Okay but is there any surprise here? We all knew that John Carpenter’s 1978 masterpiece would sit atop the throne of this list. Everything from the camera angles, to the score, to the production of the characters were great. The movie opens with a first person perspective of a six year old Michael Myers masking up and stabbing his sister Judith. 15 years later, the bus of his mental institution crashes and Michael steals a car and heads home to Haddonfield. The audience meets Laurie Strode, a high school student who is a babysitter in Haddonfield. She is being stalked by Michael throughout the day, and he eventually gets to her after getting through some people. The ending sequence is one of, if not the greatest chase scenes in all of horror history. The suspense leading up to it is fantastic, and the best image of the movie is Michael coming out of the shadows to take a slash at Laurie.

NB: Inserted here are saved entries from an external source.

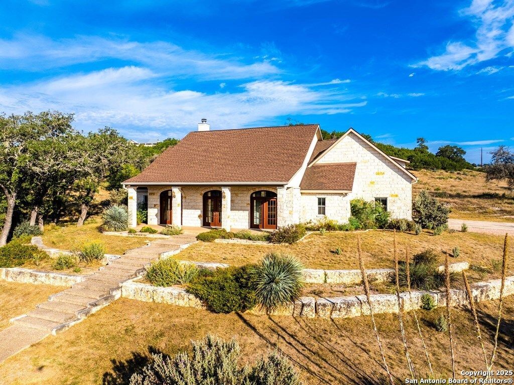 Custom Hill Country Retreat in Cypress Springs Estates. Nestled in the rolling Hills of the Texas Hill Country, custom 4-bedroom, 3.5-bath home offers sweeping views within the gated community. Thoughtfully designed with comfort & elegance in mind, this property is truly a must-see. Step inside to an open floor plan anchored by a limestone fireplace, where natural light fills the living spaces. The chefs kitchen flows seamlessly into the dining and living areas, perfect for both quiet evenings and grand entertaining. The primary suite features a spa-inspired bath with a walk-in shower and a soaking tub overlooking your private butterfly garden-a serene retreat at the end of the day. Additional highlights include: 3+ car garage with storage space, Epoxied porches for durability and style. Storage plentiful. Private upstairs guest suite with ensuite bath . Enjoy the outdoors from your high-fenced backyard, or take advantage of the communitys resort-style amenities: a swimming pool with pavilion, short-term RV spots for visiting guests, and access to the exclusive River Park across hwy39. This property combines luxury, privacy, & community living in one perfect package.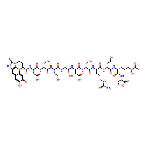 | SMILES | CC(=O)N(O)CCC[C@@H](NC(=O)[C@H](CCO)NC(=O)[C@@H](CCCNC(N)=O)NC(=O)[C@H](CO)NC(=O)[C@H](NC(=O)CNC(=O)[C@H](CCO)NC(=O)[C@@H](CO)NC(=O)[C@H](CC(=O)O)NC(=O)C1CCN2C(=O)[NH]C3=C2N1C1=CC(=O)C(O)=CC1=C3)[C@@H](O)C(=O)O)C(=O)N[C@H]1CCOC1=O |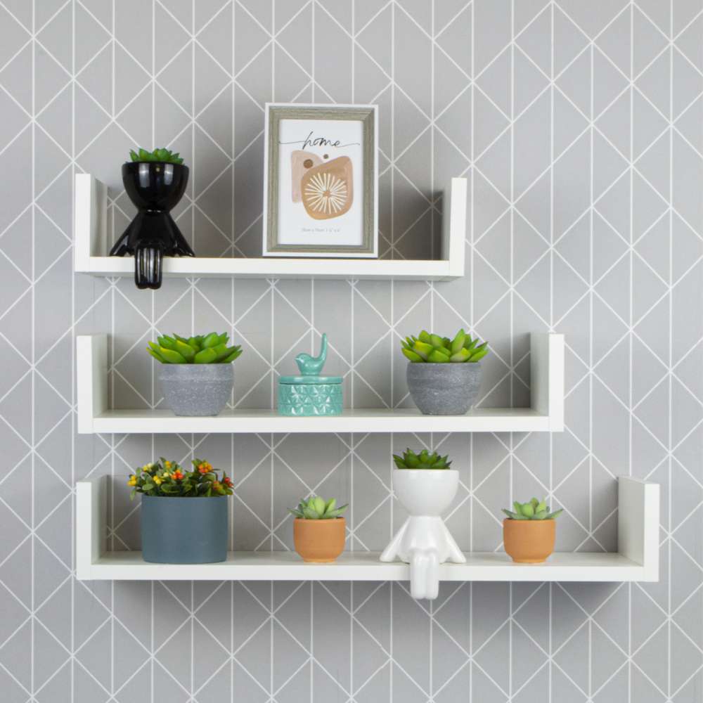 O Jogo 3 Prateleiras U MDF Branco Nicho Bebe Sala Quarto Cozinha é perfeita expor seus livros favoritos e coleções, garantindo um charme e delicadeza ao seu ambiente.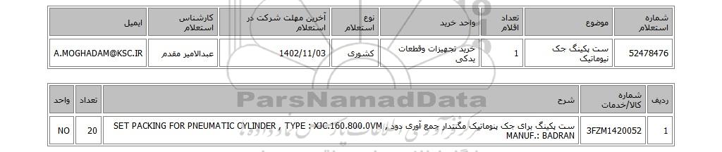 | 52478476 | ست پکینگ جک نیوماتیک | 1 | خرید تجهیزات وقطعات یدکی | کشوری | 1402/11/03 | عبدالامیر مقدم | A.MOGHADAM@KSC.IR |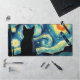 Embrace the enchanting spirit of Vincent van Gogh's Starry Night with our vintage-inspired cat rendition. This fine art painting, blending elements of impressionism with the charm of a feline companion, captures the essence of the renowned landscape in a delightful and whimsical display. Elevate your space with the timeless allure of this exquisite piece today! Generative content.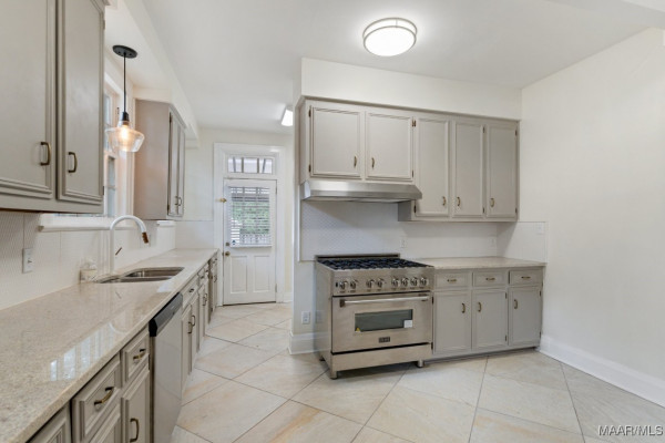 The home has a stylish, spacious kitchen that is equipped with stone counter tops, a chef’s-grade gas range, and thoughtful design for both entertaining and everyday living.

It really shows why he is called “the shape”. Michael chases Laurie into a closet, where she stabs him in the eye with a clothes hanger, then she grabs his knife and stabs him. The audience and Laurie both think he is dead, then he hits the famous sit up for the first time, which sends chills down your spine every time you see this movie. He eventually gets back to Laurie, but it gives Dr. Loomis enough time to get to him and shoot him as he is putting his mask back on. Michael falls over the balcony and is presumed dead once again, but they look back and he has disappeared. Another thing that they should have done with sequels was incorporate Michael’s breathing into every scene he is in. That sound can give anyone nightmares and makes Michael seem more monster than human. But with all of this being taken into account, Halloween is the best of the series and perhaps one of the best horror movies of all time. Halloween walked so other horror movies could run.